Starting at the line that contains "Jordan River •" in the listing below, write out every line word for word until you have written the line that contains "the ecliptic |".
----- Source data
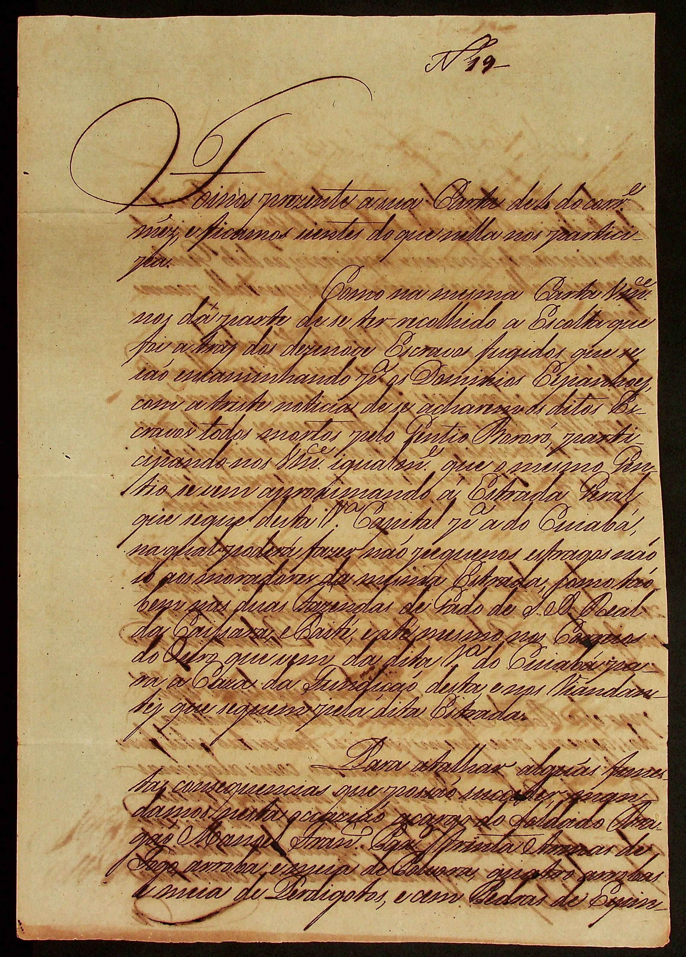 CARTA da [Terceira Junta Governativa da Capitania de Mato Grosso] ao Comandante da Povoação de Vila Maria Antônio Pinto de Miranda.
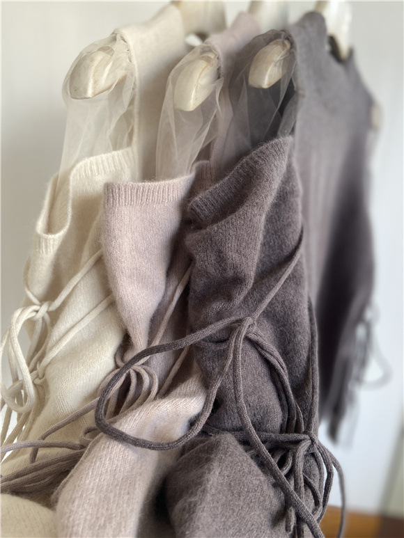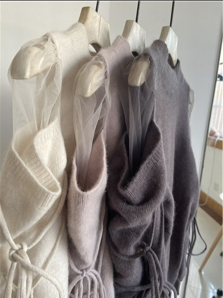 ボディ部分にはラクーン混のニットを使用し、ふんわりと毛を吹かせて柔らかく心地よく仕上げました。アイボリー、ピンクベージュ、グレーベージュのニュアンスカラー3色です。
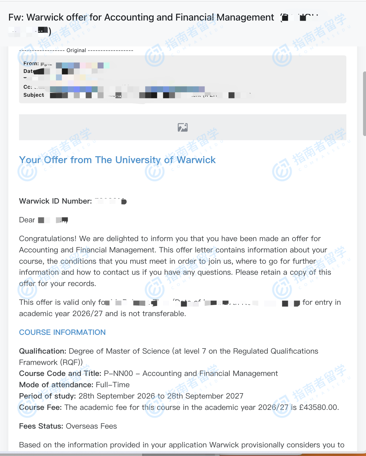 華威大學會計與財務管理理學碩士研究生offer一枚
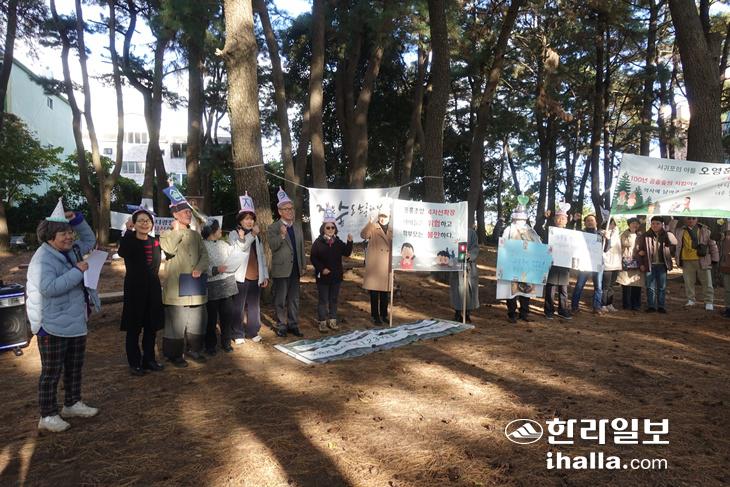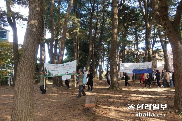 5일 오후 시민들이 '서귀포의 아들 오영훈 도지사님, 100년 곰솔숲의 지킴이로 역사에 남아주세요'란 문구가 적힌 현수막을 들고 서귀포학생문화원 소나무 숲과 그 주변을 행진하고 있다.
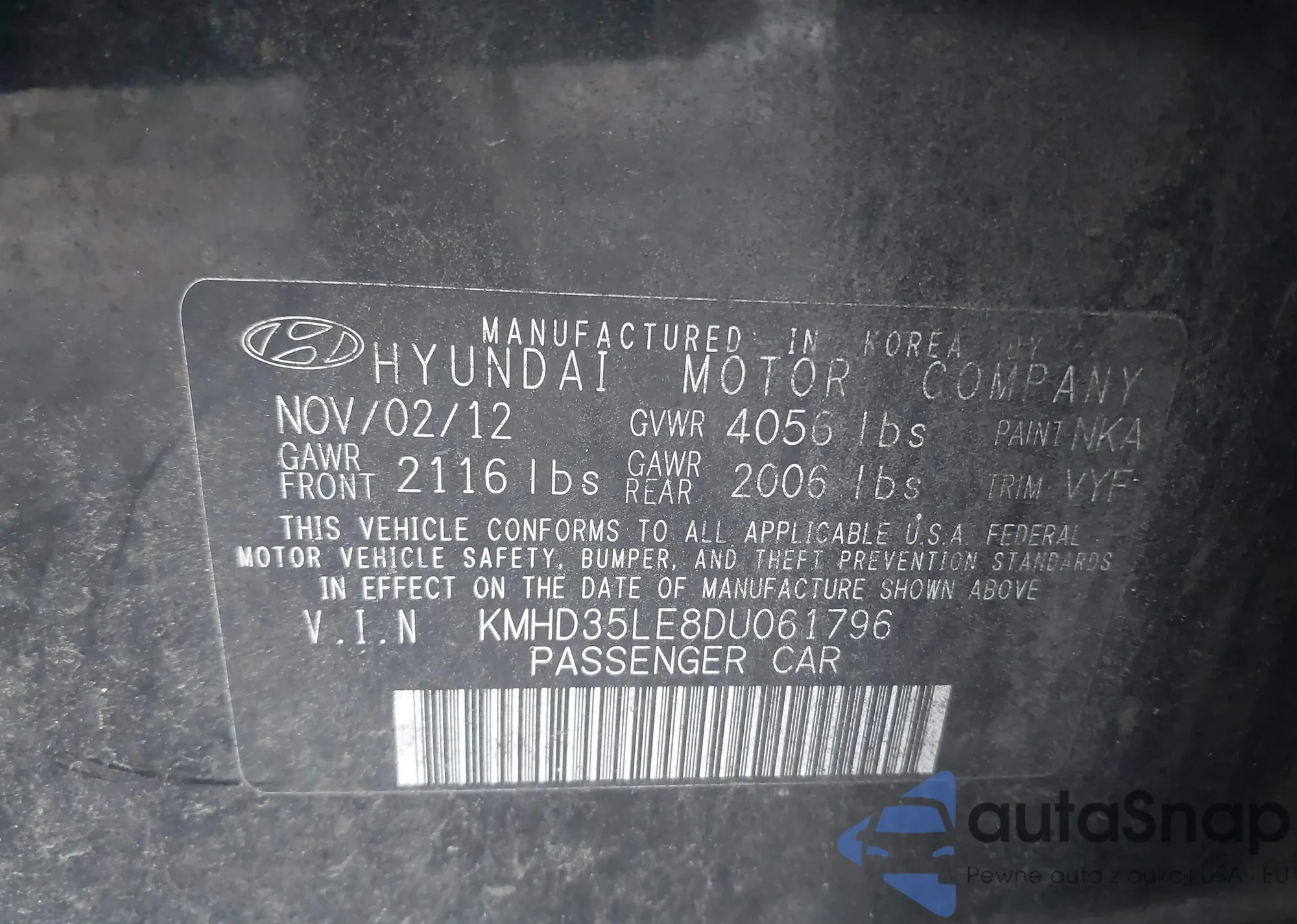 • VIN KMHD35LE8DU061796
----------
----- Source data
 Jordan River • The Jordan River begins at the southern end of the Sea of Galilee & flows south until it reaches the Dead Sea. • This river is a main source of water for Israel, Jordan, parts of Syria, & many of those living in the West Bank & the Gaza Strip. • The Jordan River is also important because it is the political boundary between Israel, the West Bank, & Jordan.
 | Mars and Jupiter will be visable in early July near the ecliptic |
----------
#### [Task result]
 Jordan River • The Jordan River begins at the southern end of the Sea of Galilee & flows south until it reaches the Dead Sea. • This river is a main source of water for Israel, Jordan, parts of Syria, & many of those living in the West Bank & the Gaza Strip. • The Jordan River is also important because it is the political boundary between Israel, the West Bank, & Jordan.
 | Mars and Jupiter will be visable in early July near the ecliptic |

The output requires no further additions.